PELDOR measurements at Q-band frequencies (≈34 GHz) were performed on a Bruker E580 spectrometer equipped with a dielectric EN 5170 D2 ENDOR probehead. A Bruker AmpQ 10 W solid-state amplifier was used for microwave amplification. Temperature settings were identical to X-band PELDOR measurements. The pump pulse was chosen to coincide with the maximum of the echo-detected field-swept spectrum. Detection was performed at a frequency offset of Δν = νA–νB = −50 MHz (Supplemental Fig.

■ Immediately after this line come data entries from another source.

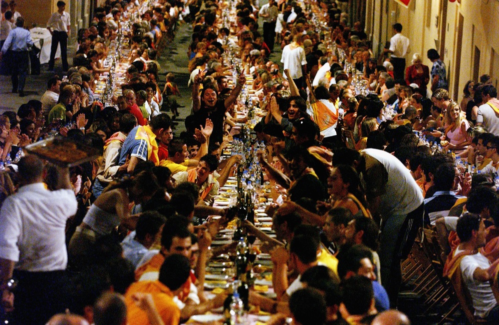 Come una in una sorta di rituale, per entrare fin da subito nello spirito del Palio, nelle settimane che lo precedono ogni contrada organizza cene all’aperto lungo le proprie strade. Qui è possibile mangiare cucina tradizionale a buon mercato prenotando anche il giorno stesso all’interno della sede della contrada. Mentre, la cena del vincitore di regola si svolge in autunno, ma non è riservata al pubblico.
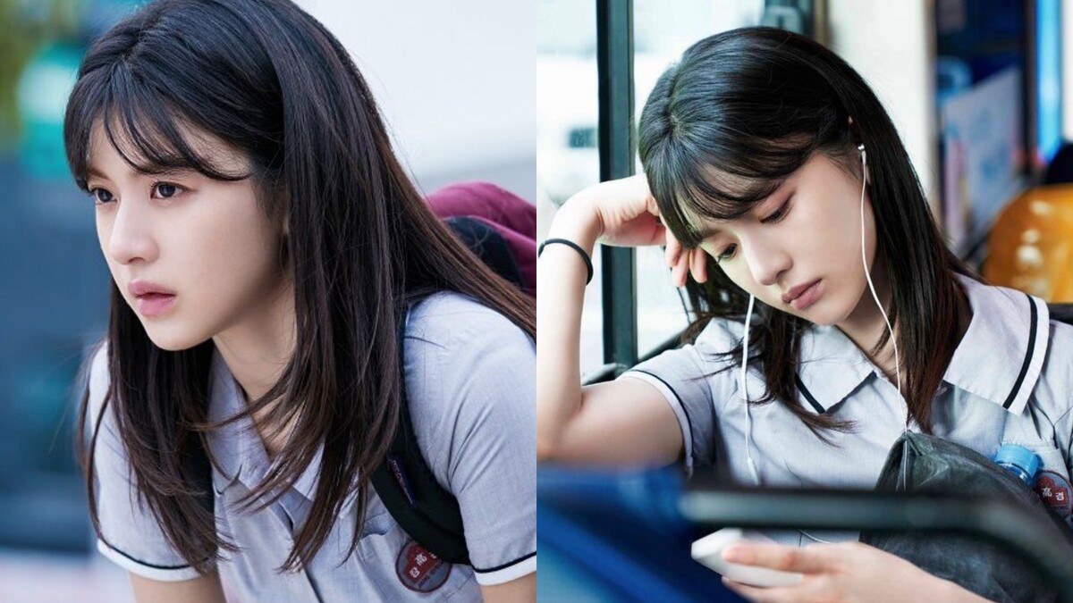 長以旁分、中分造型為主的高允貞,也少見的以瀏海造型登場,配上原生感的中長髮,今年27歲的她演出高中生毫無違和!
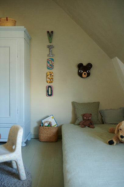 Bogstaver i papier-mâché blev købt online og sidenhen malet i forskellige mønstre og farver af Viggos mor, Fie. Ved siden af, over sengen, hænger en papier-mâché bjørn.
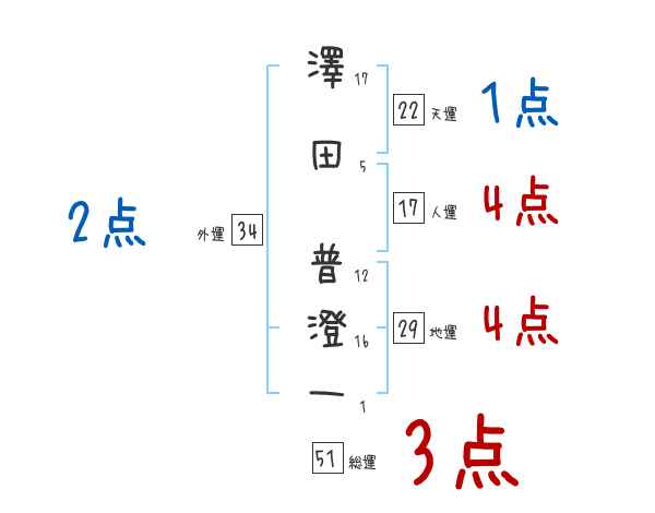外運![]() | 澤田普澄一さんの外運は34画の2つ星!独創性に優れるが、自尊心が強く災難に注意しましょう。 生活面を象徴する運勢です。外部から受ける影響力を表し、結婚運、家庭運や職場、環境への順応性を表します。 |

S4B contains a simulated echo-detected field-swept spectrum with visualized pump/probe positions and pulse excitation profiles). Detection pulses had a length of 32 ns, pump pulses were optimized for a length of 21 ns. Tau values of τ1 = 130 ns and τ2 = 5000 ns were used. The shot repetition time was set to 7 µs. A tau averaging cycle of 8 × 16 ns was used in order to suppress deuterium modulations. A total of 310 data points were collected along the time dimension with an increment of 16 ns. Depending on the sample quality, 10–50 scans were accumulated. For both, X-band and Q-band measurements, primary PELDOR data were background-corrected by fitting an exponential decay function assuming a homogeneous spatial distribution of the nucleic acid molecules. Tikhonov regularization was performed on background-corrected PELDOR data to obtain the distance probability function P(r). Data processing was done using the Matlab toolbox DeerAnalysis (Jeschke et al. 2006).

SUPPLEMENTAL MATERIAL

Supplemental material is available for this article.